I don't think that's the case.

Good call! I hadn't made this connection, myself, though now I see that there are quite a few works making that comparison as well. I was curious about why we would have the transition from guilds->unions->boards, and it seems that the leading hypothesis for the two arrows are the Industrial Revolution and the transition to a service economy. That is, in the guild days, there was mostly a patchwork of small, independent producers, who banded together to rent-seek. As mass production took off, the economics were in favor of larger firms (now you could build cars and sell a bunch of them across the nation or internationally) where workers were mostly trained in one specific task on an assembly line, so guilds started to fall, while unions began to rise. Then, as we've transitioned toward services, they're again more of a patchwork of small, independent providers, who, unsurprisingly, band together to rent-seek.
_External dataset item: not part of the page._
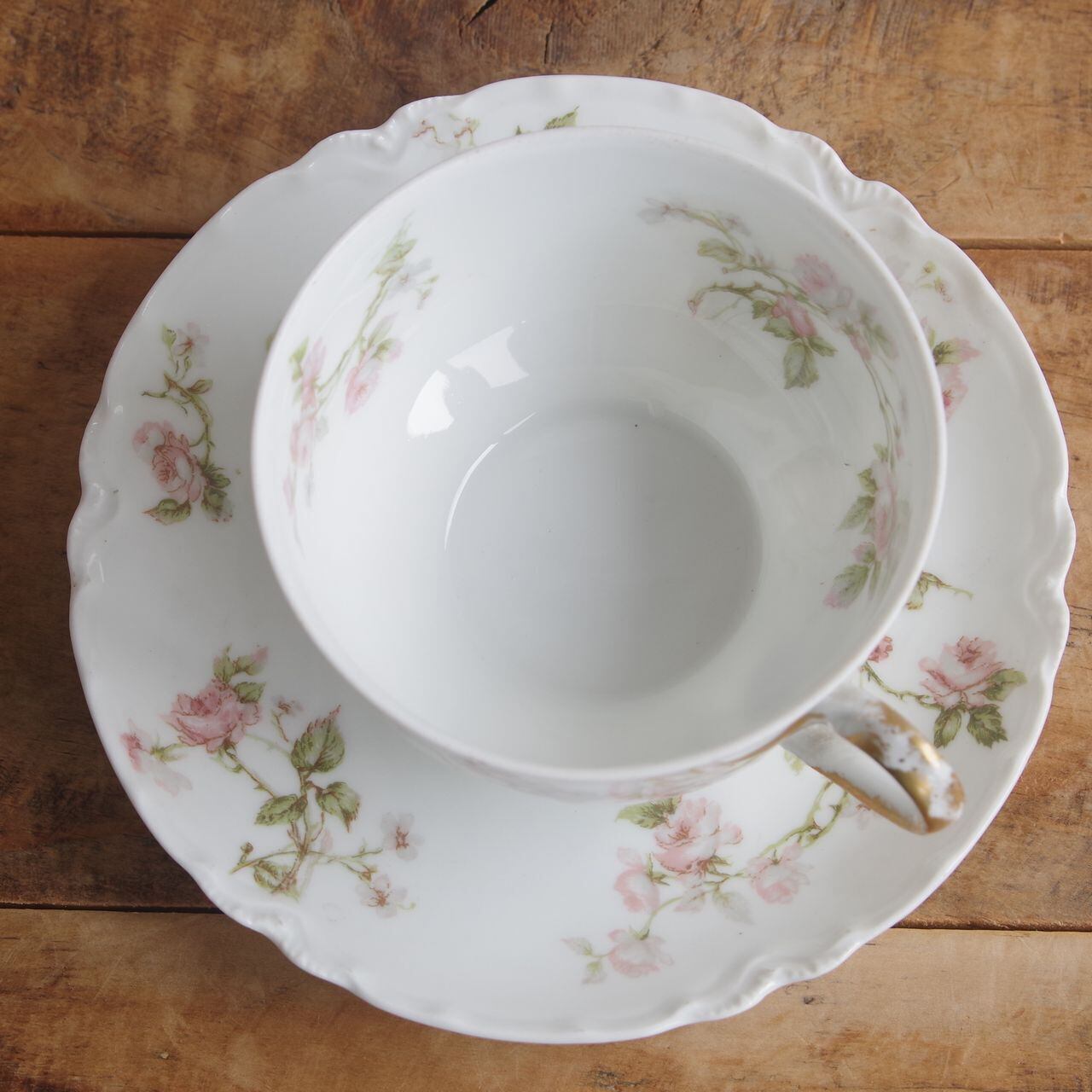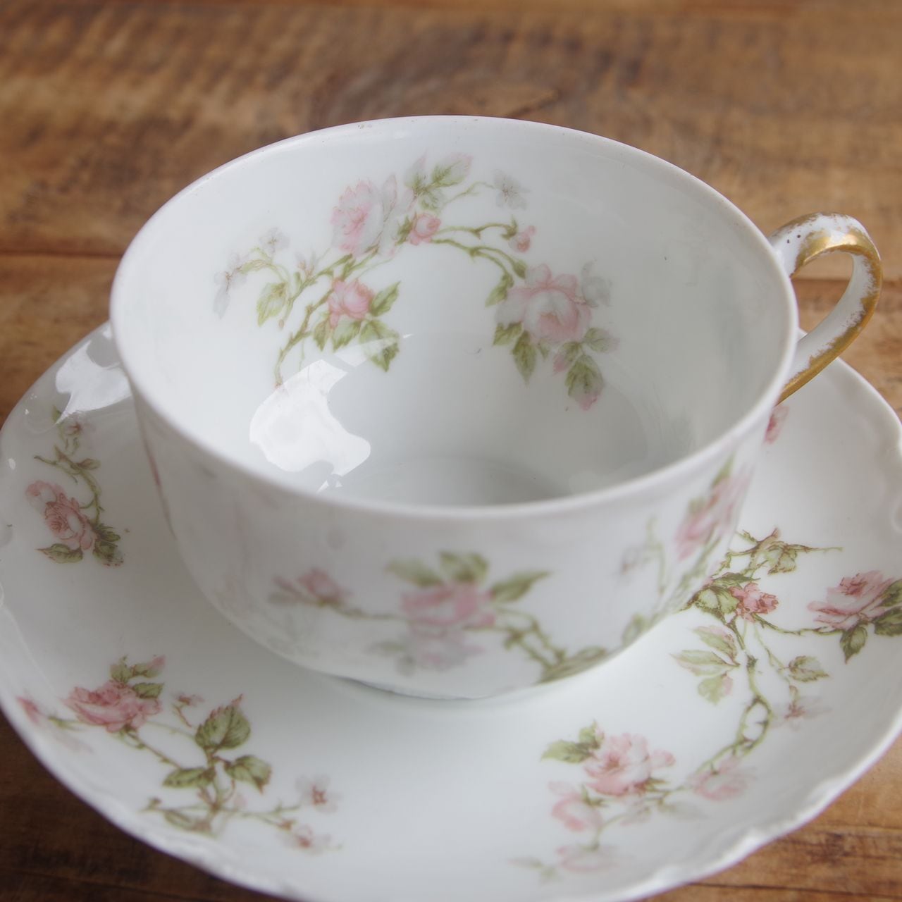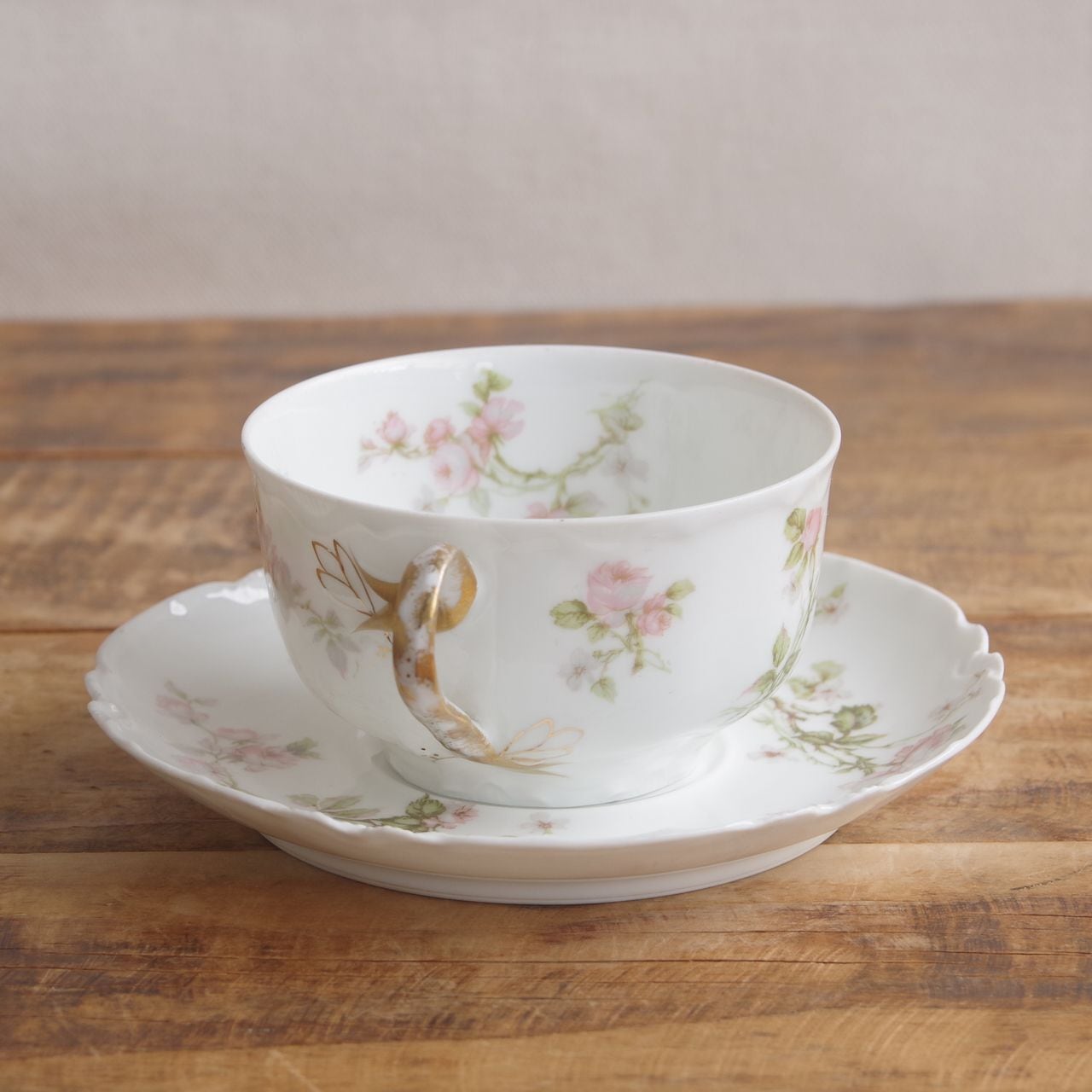 リモージュ アビランド フロンテナック 薔薇 花柄 ティーカップ ソーサー #250813-5 フランス アンティーク 食器 Haviland & Co. Limoges FRONTENAC カップ&ソーサー デュオ コーヒーカップ
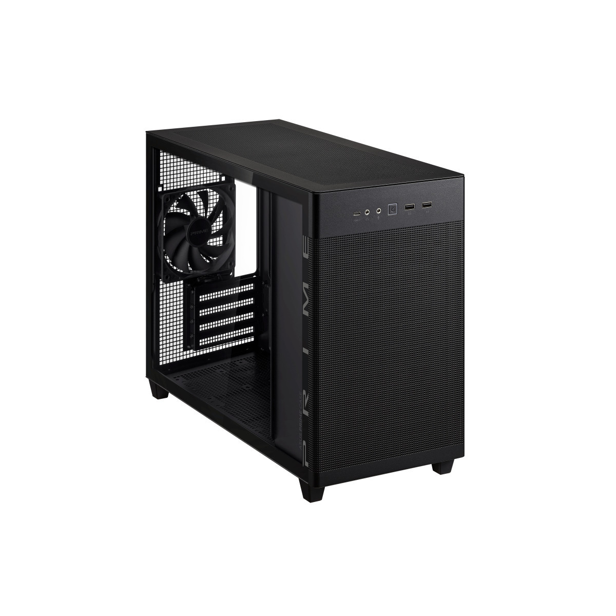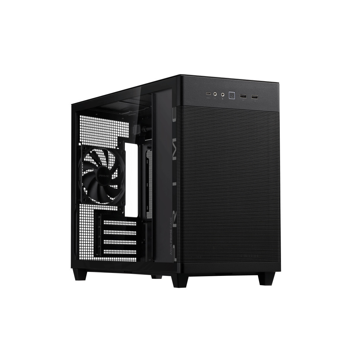 ASUS AP201 PRIME CASE TG. Fattore di forma: Mini Tower, Tipo: PC, Colore del prodotto: Nero. Rear fans installed: 1x 120 mm, Diametro delle ventole posteriori supportato: 120 mm, Diametri delle ventole superiori supportati: 120,140 mm. Dimensioni di hard disk drive supportati: 2.5,3.5". Larghezza: 205 mm, Profondità: 350 mm, Altezza: 460 mm

Medicine is an especially egregious case, as we've seen significant consolidation in that sector. It's less about small independent providers, as the doctors here are apt to point out that larger conglomerates are taking over and many doctors are now employees of a hospital system rather than just running their own little business. So I'm not surprised that a brief search indicates that doctors' unions are significantly on the rise. Of course, they don't have the same sort of mass production scale, as they are still fundamentally a service product rather than a good, so I think it's less likely that the guild power of licensing is going to disappear to any meaningful degree, especially not in comparison to the historical decline in guild power in the good production arena. Instead, we're going to get the worst of both worlds - obscenely licensed and unionized. The academic papers I've found say that they have empirical evidence that these schemes do intersect and provide the most rent-seeking. It's like the anti-Reece's peanut butter cup - two awful tastes that taste awful together. I had sort of thought that the medical industry was reaching a breaking point and that changes would have to occur... but now, I'm sort of getting the feeling that it's going to get a whole lot worse before there's any hope that it'll get any better.